## [Task instructions]
Copy every line of the data below exactly as given, except for the pictures.

## [Recorded data]
☆ ☆ ☆ ☆ ☆
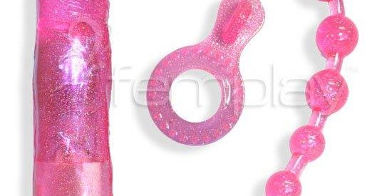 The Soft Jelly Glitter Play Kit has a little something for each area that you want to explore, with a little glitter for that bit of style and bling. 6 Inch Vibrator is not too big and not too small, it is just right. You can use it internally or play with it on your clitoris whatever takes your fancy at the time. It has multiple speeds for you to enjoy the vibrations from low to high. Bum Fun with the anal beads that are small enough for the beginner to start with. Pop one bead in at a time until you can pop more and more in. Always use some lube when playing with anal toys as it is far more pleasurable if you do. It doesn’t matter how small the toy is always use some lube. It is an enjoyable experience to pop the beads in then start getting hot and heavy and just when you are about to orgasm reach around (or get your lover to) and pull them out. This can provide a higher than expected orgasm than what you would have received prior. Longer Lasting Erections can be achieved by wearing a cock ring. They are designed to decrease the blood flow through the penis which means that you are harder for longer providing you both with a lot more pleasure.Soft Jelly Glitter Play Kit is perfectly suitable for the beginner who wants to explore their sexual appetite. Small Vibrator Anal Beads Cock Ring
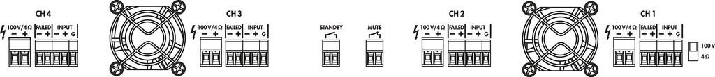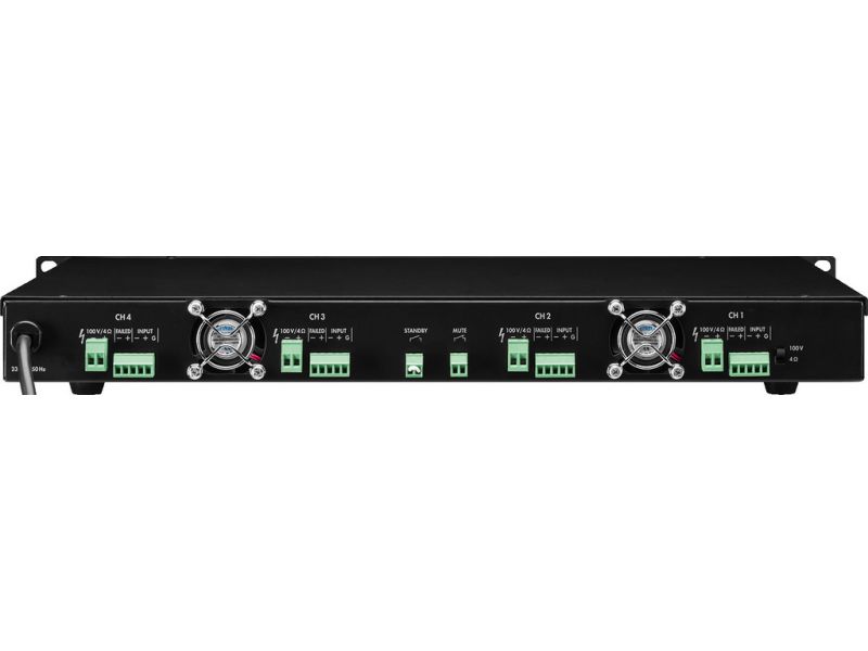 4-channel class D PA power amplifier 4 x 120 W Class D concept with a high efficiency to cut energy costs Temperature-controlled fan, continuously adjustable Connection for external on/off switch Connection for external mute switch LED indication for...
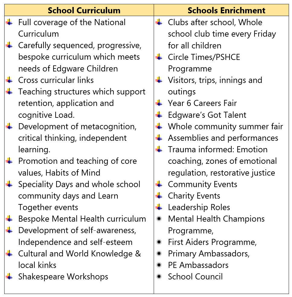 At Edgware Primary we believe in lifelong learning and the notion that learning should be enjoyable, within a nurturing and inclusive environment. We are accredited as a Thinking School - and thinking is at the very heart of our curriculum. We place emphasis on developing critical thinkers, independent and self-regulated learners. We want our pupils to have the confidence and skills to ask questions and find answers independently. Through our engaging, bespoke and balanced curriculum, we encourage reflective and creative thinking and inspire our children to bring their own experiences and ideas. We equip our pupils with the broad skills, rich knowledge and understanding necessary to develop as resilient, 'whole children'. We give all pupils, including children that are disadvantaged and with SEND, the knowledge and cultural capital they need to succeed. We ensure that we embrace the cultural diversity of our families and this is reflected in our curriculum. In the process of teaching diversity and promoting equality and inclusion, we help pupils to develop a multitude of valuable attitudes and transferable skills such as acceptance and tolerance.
☆ ☆ ☆ ☆ ☆
## [Final answer]
 The Soft Jelly Glitter Play Kit has a little something for each area that you want to explore, with a little glitter for that bit of style and bling. 6 Inch Vibrator is not too big and not too small, it is just right. You can use it internally or play with it on your clitoris whatever takes your fancy at the time. It has multiple speeds for you to enjoy the vibrations from low to high. Bum Fun with the anal beads that are small enough for the beginner to start with. Pop one bead in at a time until you can pop more and more in. Always use some lube when playing with anal toys as it is far more pleasurable if you do. It doesn’t matter how small the toy is always use some lube. It is an enjoyable experience to pop the beads in then start getting hot and heavy and just when you are about to orgasm reach around (or get your lover to) and pull them out. This can provide a higher than expected orgasm than what you would have received prior. Longer Lasting Erections can be achieved by wearing a cock ring. They are designed to decrease the blood flow through the penis which means that you are harder for longer providing you both with a lot more pleasure.Soft Jelly Glitter Play Kit is perfectly suitable for the beginner who wants to explore their sexual appetite. Small Vibrator Anal Beads Cock Ring
 4-channel class D PA power amplifier 4 x 120 W Class D concept with a high efficiency to cut energy costs Temperature-controlled fan, continuously adjustable Connection for external on/off switch Connection for external mute switch LED indication for...
 At Edgware Primary we believe in lifelong learning and the notion that learning should be enjoyable, within a nurturing and inclusive environment. We are accredited as a Thinking School - and thinking is at the very heart of our curriculum. We place emphasis on developing critical thinkers, independent and self-regulated learners. We want our pupils to have the confidence and skills to ask questions and find answers independently. Through our engaging, bespoke and balanced curriculum, we encourage reflective and creative thinking and inspire our children to bring their own experiences and ideas. We equip our pupils with the broad skills, rich knowledge and understanding necessary to develop as resilient, 'whole children'. We give all pupils, including children that are disadvantaged and with SEND, the knowledge and cultural capital they need to succeed. We ensure that we embrace the cultural diversity of our families and this is reflected in our curriculum. In the process of teaching diversity and promoting equality and inclusion, we help pupils to develop a multitude of valuable attitudes and transferable skills such as acceptance and tolerance.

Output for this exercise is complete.